** Input material follows **

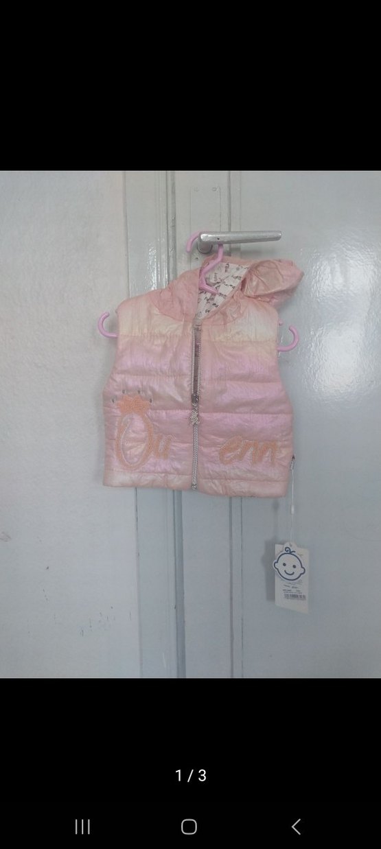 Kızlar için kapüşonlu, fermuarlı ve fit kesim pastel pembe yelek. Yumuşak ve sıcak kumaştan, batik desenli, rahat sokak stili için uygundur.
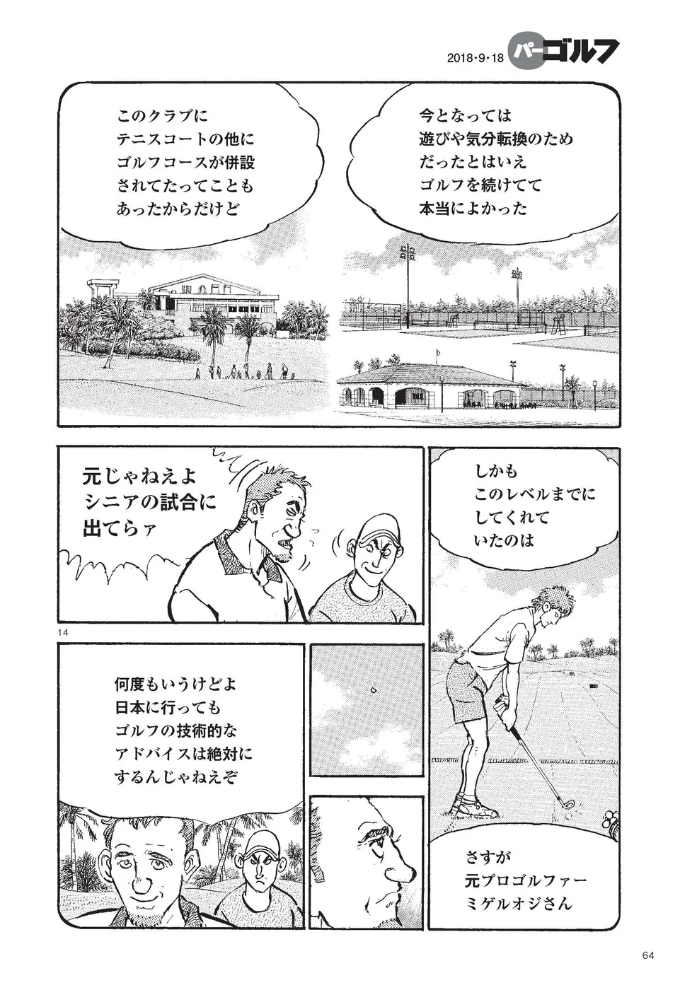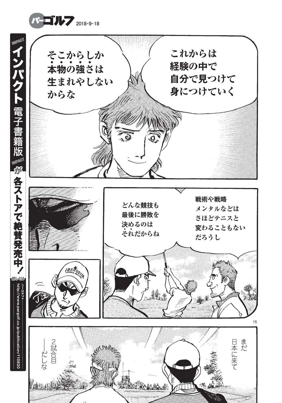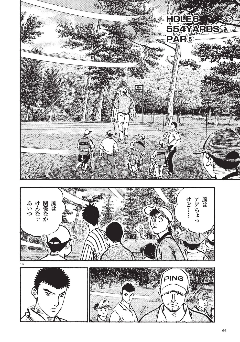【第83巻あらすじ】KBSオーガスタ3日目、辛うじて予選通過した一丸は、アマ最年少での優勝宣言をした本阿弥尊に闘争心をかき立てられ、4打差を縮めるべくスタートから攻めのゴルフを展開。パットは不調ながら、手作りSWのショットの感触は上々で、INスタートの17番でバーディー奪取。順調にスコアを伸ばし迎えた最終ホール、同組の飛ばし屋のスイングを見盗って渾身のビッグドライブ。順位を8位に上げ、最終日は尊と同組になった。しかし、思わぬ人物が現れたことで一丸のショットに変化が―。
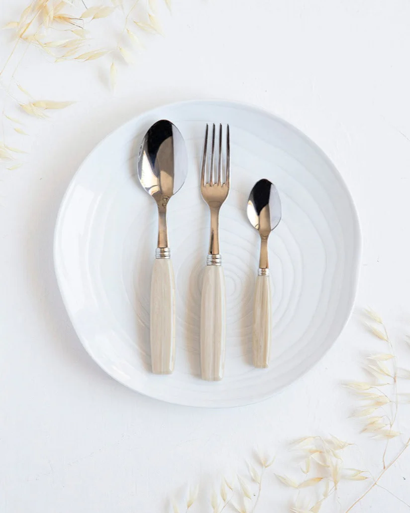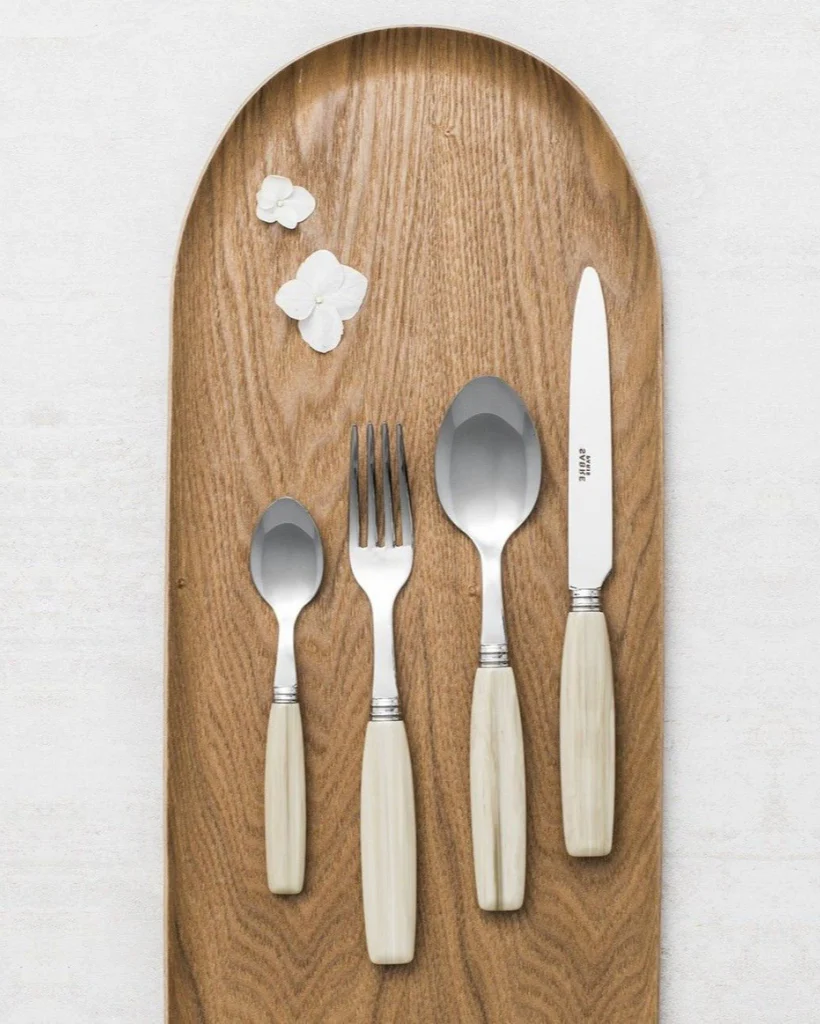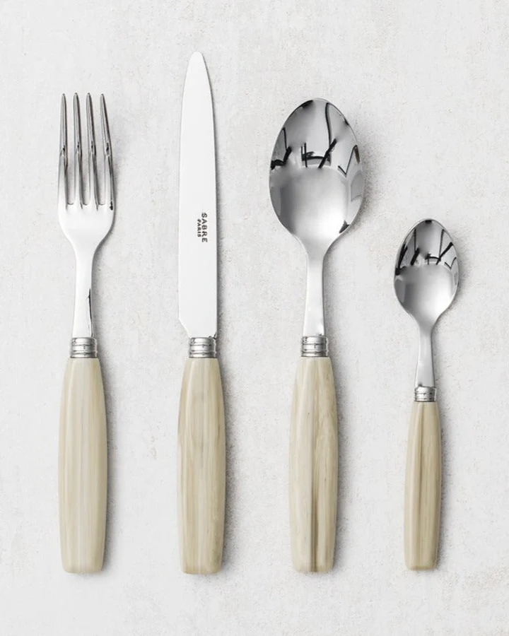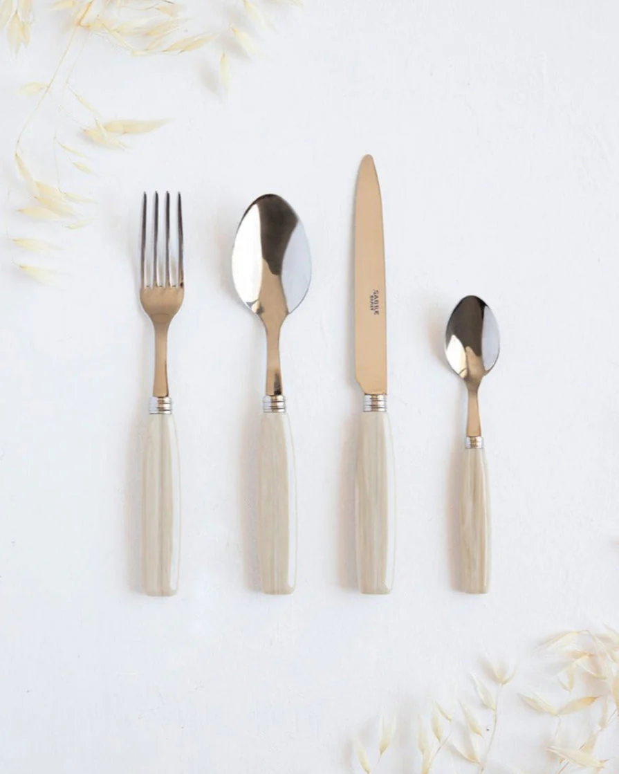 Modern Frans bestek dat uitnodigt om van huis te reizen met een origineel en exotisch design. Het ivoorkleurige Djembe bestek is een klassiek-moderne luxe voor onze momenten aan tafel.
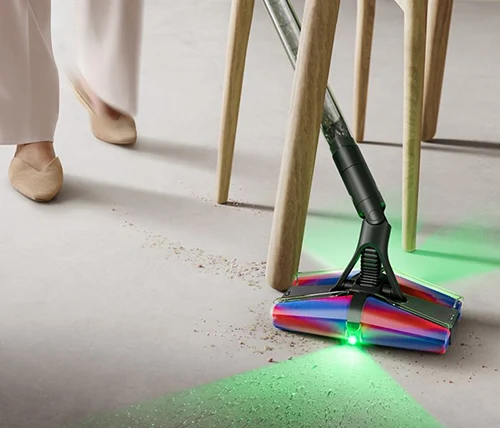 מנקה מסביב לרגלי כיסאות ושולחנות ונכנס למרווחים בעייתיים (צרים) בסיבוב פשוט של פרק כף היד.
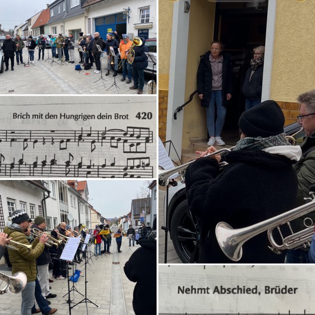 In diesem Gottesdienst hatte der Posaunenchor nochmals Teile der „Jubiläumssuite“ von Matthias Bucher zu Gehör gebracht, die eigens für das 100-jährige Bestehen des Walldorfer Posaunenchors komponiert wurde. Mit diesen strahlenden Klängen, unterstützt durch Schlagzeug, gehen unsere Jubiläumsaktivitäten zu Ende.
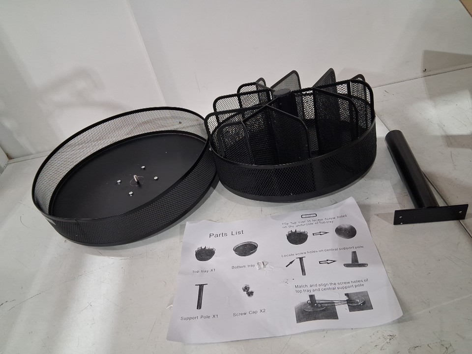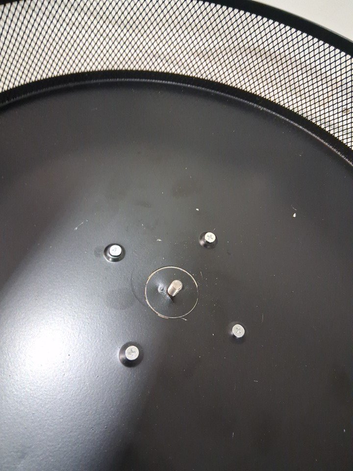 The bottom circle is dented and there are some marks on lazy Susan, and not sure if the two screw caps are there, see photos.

** End of Input material **

= Your objective =
Drop every picture and repeat the rest of the entries exactly.

= Answer to the exercise =
 Kızlar için kapüşonlu, fermuarlı ve fit kesim pastel pembe yelek. Yumuşak ve sıcak kumaştan, batik desenli, rahat sokak stili için uygundur.
【第83巻あらすじ】KBSオーガスタ3日目、辛うじて予選通過した一丸は、アマ最年少での優勝宣言をした本阿弥尊に闘争心をかき立てられ、4打差を縮めるべくスタートから攻めのゴルフを展開。パットは不調ながら、手作りSWのショットの感触は上々で、INスタートの17番でバーディー奪取。順調にスコアを伸ばし迎えた最終ホール、同組の飛ばし屋のスイングを見盗って渾身のビッグドライブ。順位を8位に上げ、最終日は尊と同組になった。しかし、思わぬ人物が現れたことで一丸のショットに変化が―。
 Modern Frans bestek dat uitnodigt om van huis te reizen met een origineel en exotisch design. Het ivoorkleurige Djembe bestek is een klassiek-moderne luxe voor onze momenten aan tafel.
 מנקה מסביב לרגלי כיסאות ושולחנות ונכנס למרווחים בעייתיים (צרים) בסיבוב פשוט של פרק כף היד.
 In diesem Gottesdienst hatte der Posaunenchor nochmals Teile der „Jubiläumssuite“ von Matthias Bucher zu Gehör gebracht, die eigens für das 100-jährige Bestehen des Walldorfer Posaunenchors komponiert wurde. Mit diesen strahlenden Klängen, unterstützt durch Schlagzeug, gehen unsere Jubiläumsaktivitäten zu Ende.
 The bottom circle is dented and there are some marks on lazy Susan, and not sure if the two screw caps are there, see photos.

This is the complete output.